Technique #1 – Employee-Role tables. In this technique there is an EMPLOYEE table that stores data about an employee and a table called ROLE that stores 1 record for each role or task that the employee iin the EMPLOYEE table is assigned. This method is normalized however if one wants to see a single record for each employee that contains a list of the roles that the employee is assigned then the data has to be flattened using a method similar to the one listed in an early post. This is where you concatenate values from multiple records like this:

SET @sVariable = @sVariable + ‘delilmeter’ + T.Column

FROM TABLE T

Technique #2 – Employee table w/Multiple Role columns. In this setup there is a single table called EMPLOYEE. This table has multiple columns, each storing a single role that the employee is linked to. In this example you no longer need to flatten the data to get a list of the employees roles in a single record because you can now simply concatenate the values from each column. The problem with this solution is that while it is easy to add all the roles/tasks together in a single field you have some seriously non-normalized data. Each employee is not allotted a fixed number of roles. If an employee is assigned more roles then available columns then the table must be altered to add more columns or some other method must be employed if the employee is to be assigned more roles. Even if the number of roles per employee is not an issue the non-normalized data in this case makes other types of queries very ugly and highly inefficient. If you need a query that lists each employee who is assigned a specific role your query must check the value in each column that contains a role.
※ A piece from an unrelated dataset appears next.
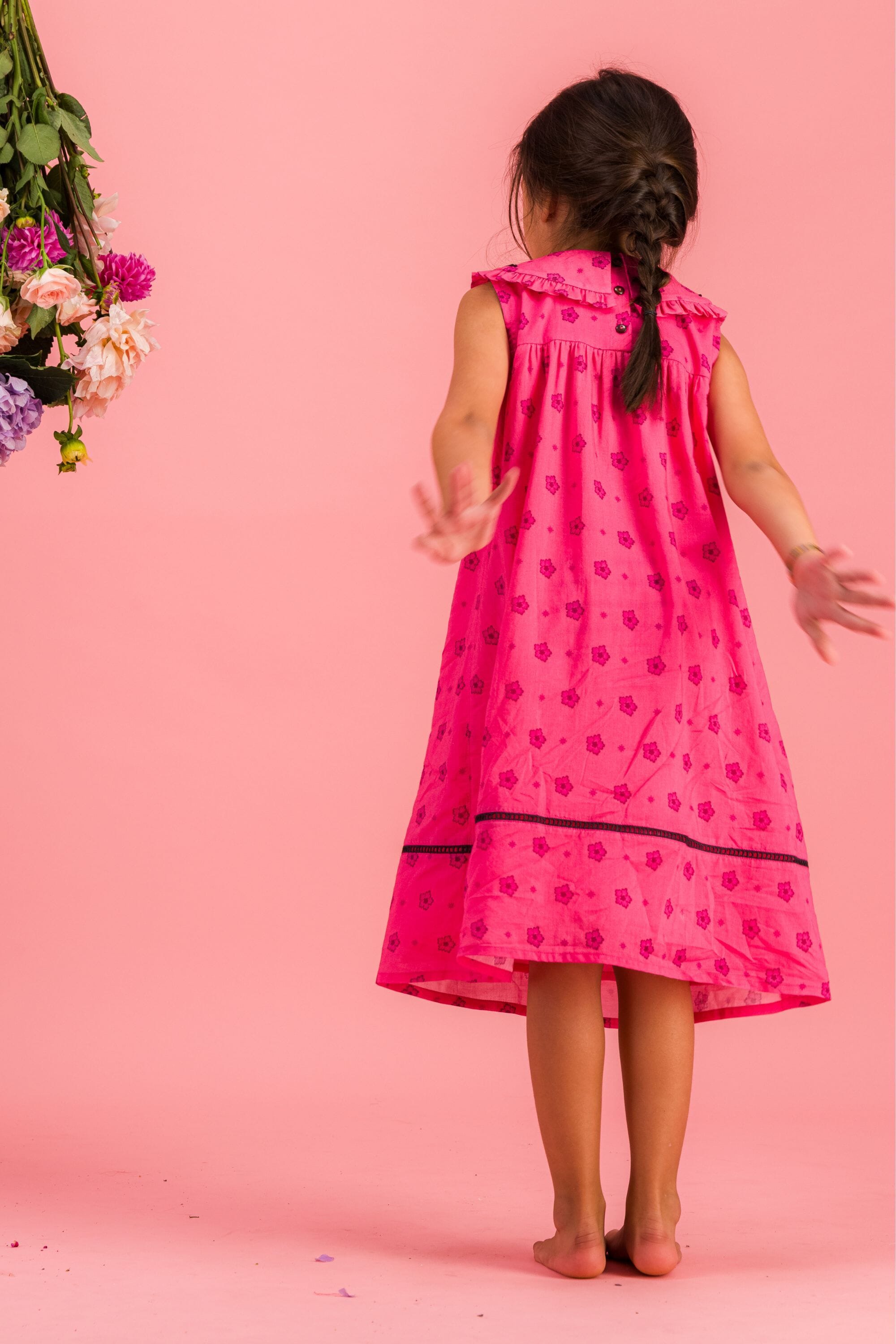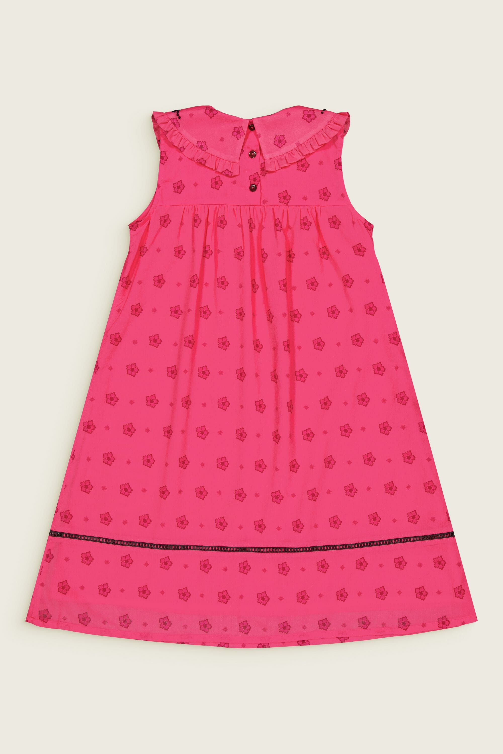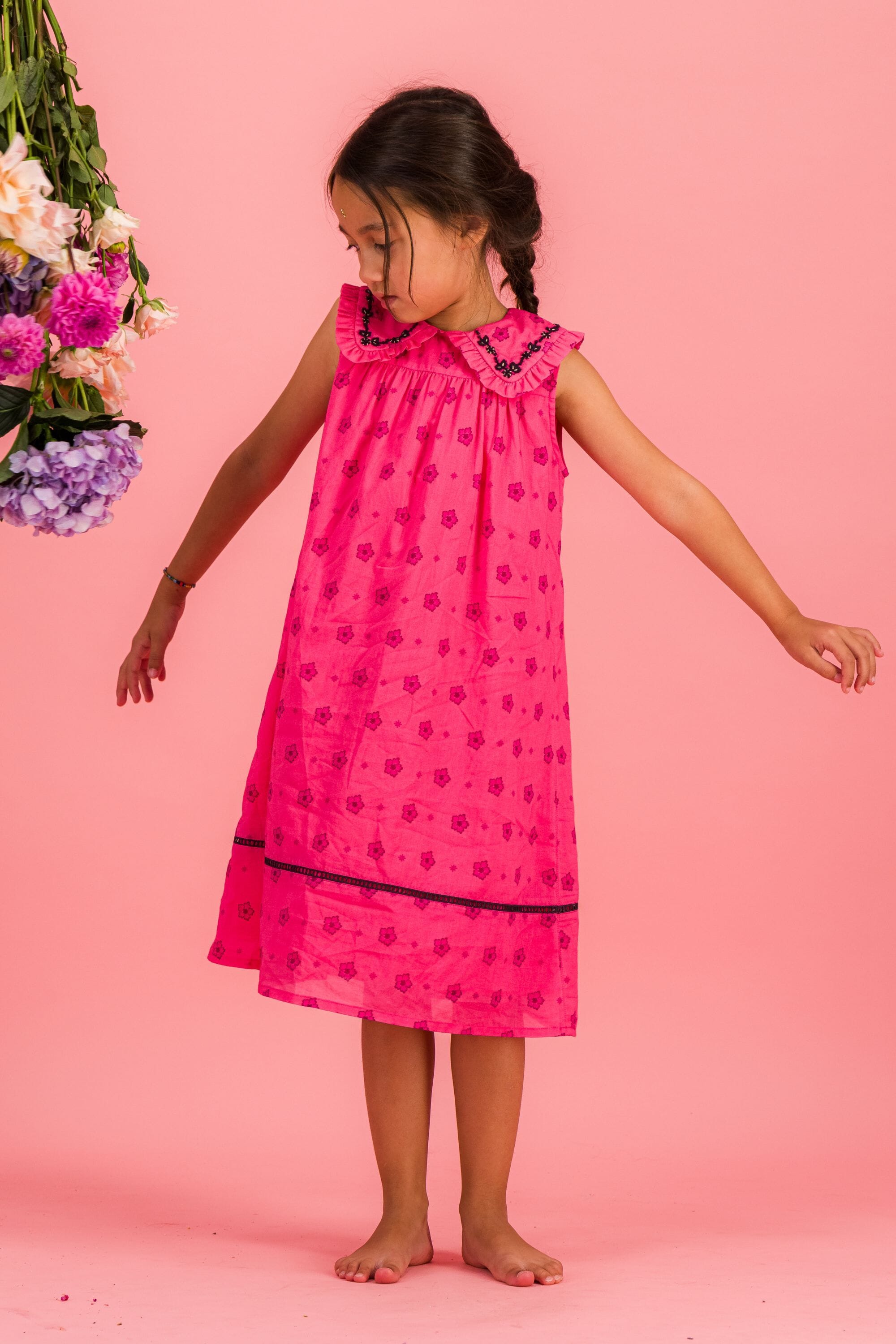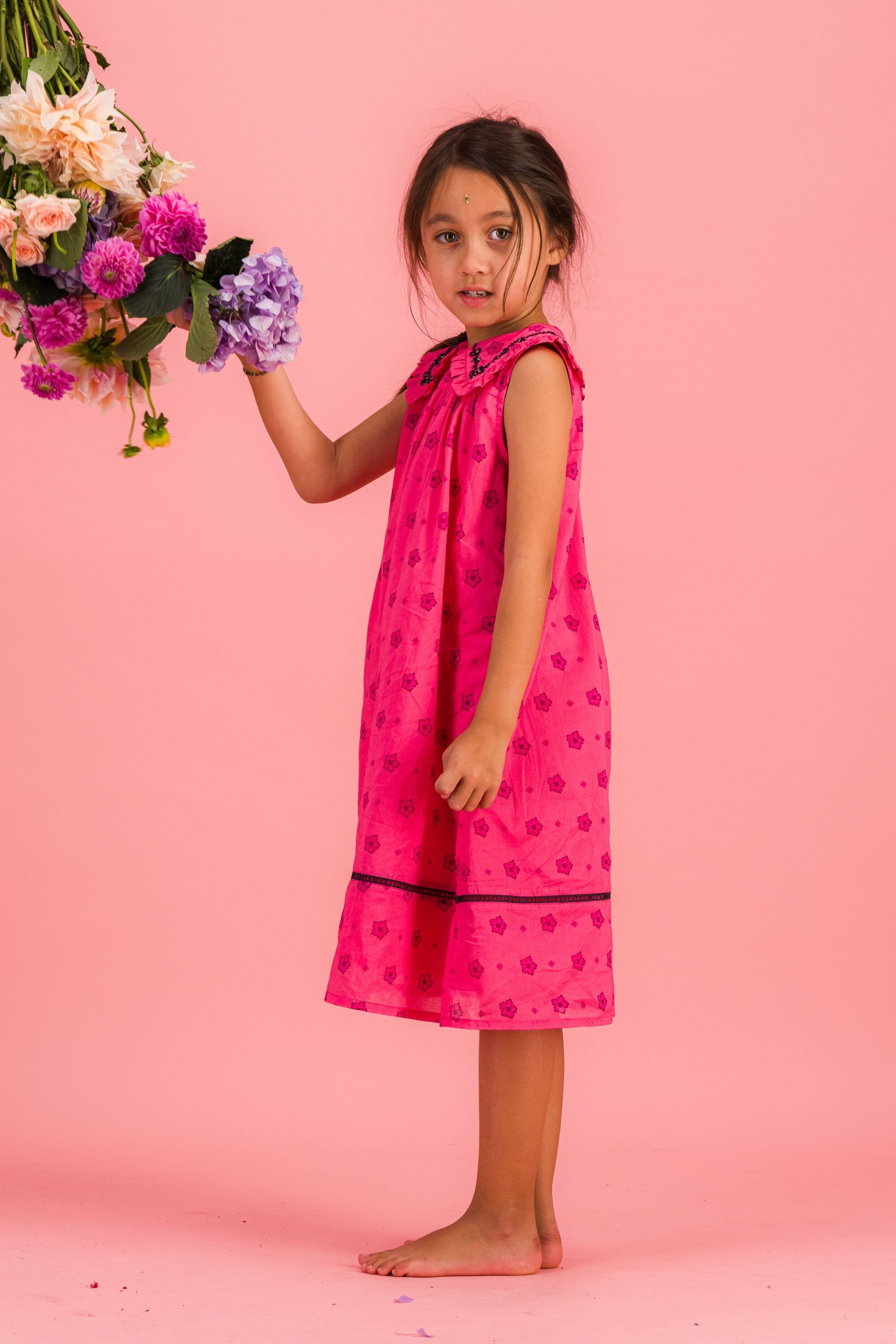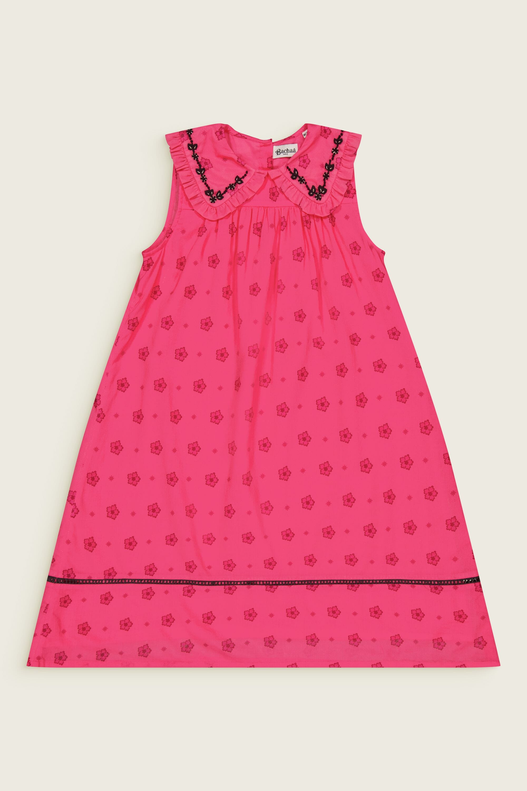 Sleeveless nightdress, 100% organic cotton, Plain lining in organic cotton voile, Block print, Hand embroidery on the collar, Ladder lace at the bottom of the sleeves and on the front, Gathers on the front and back, Contrasted buttons.

Technique #3 – Employee table with single column that contains multiple roles. In this setup the EMPLOYEE table has but a single column for storing role information. This column contains a list of roles that the employee is assigned. Just as with technique #2 you now have a setup in which obtaining a list of roles per employee is very easy because the data is already flattened. However you are also looking at seriously non-normalized data that will have other problems to deal with. If you need to issue a query that lists all employees of a specific role you must now use the Like operator against the column that contains the role data. The Like operator in and of itself is not so much the problem as is the fact that you must use it with the % search character at the beginning like this Like’%roleName%’. When the Like operator is used with the % search character at the beginning the query processor is unable to use any index. It must perform a table scan regardless of what indexes exist and the size of the data. This results in a highly inefficient search.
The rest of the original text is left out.